- [Exercise brief]: Lines to restate from the data below: from the one containing "In the above" to the one containing "Hüftbild einer Frau", both included. Give them again exactly, and only them.

- [Exercise inputs]:
┄┄┄┄┄┄
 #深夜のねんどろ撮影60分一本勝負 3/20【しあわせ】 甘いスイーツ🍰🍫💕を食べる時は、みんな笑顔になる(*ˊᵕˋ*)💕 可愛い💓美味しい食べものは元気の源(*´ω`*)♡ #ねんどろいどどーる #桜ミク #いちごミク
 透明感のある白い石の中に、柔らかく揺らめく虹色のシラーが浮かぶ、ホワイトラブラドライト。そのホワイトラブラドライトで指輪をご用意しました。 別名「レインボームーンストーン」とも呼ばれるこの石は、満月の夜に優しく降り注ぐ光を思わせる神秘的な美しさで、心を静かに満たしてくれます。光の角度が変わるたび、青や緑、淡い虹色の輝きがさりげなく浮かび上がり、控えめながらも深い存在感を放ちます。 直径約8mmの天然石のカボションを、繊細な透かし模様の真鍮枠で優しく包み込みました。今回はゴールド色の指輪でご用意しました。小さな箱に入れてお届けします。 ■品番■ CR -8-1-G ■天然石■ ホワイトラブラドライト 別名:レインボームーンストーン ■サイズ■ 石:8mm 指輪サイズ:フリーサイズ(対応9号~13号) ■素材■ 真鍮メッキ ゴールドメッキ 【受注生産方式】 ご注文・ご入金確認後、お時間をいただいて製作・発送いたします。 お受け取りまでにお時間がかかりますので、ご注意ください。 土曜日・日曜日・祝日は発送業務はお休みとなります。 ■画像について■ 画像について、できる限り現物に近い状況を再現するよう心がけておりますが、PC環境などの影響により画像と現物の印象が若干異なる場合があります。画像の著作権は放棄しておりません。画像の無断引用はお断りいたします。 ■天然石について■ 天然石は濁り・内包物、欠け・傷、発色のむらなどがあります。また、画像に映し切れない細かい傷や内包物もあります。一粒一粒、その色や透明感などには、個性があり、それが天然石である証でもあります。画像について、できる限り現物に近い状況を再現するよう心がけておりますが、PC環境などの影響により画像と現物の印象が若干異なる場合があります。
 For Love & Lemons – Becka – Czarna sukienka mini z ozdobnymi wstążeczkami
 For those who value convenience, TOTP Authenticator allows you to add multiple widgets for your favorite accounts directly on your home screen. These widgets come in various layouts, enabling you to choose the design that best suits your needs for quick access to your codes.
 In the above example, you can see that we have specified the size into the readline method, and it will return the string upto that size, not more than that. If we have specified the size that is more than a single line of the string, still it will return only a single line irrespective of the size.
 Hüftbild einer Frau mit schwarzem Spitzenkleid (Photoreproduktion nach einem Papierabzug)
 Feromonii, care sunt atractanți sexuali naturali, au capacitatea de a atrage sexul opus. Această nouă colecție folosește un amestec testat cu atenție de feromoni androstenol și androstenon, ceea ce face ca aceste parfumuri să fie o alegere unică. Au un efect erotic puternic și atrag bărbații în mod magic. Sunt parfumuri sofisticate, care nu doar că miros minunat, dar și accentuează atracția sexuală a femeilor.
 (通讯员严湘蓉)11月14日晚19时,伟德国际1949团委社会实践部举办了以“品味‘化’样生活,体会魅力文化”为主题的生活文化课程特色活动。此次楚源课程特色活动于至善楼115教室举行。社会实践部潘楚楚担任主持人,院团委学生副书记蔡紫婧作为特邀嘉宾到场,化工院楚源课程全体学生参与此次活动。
┄┄┄┄┄┄
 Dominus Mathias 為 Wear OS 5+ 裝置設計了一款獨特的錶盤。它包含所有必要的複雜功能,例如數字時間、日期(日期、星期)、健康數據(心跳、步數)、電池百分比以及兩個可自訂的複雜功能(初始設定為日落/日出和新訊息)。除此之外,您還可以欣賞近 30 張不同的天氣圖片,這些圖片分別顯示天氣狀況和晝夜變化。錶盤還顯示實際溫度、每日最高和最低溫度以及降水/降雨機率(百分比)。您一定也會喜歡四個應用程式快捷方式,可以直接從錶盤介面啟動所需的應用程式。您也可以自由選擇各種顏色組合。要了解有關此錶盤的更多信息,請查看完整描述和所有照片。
┄┄┄┄┄┄
- [Answer for this exercise]:
 In the above example, you can see that we have specified the size into the readline method, and it will return the string upto that size, not more than that. If we have specified the size that is more than a single line of the string, still it will return only a single line irrespective of the size.
 Hüftbild einer Frau mit schwarzem Spitzenkleid (Photoreproduktion nach einem Papierabzug)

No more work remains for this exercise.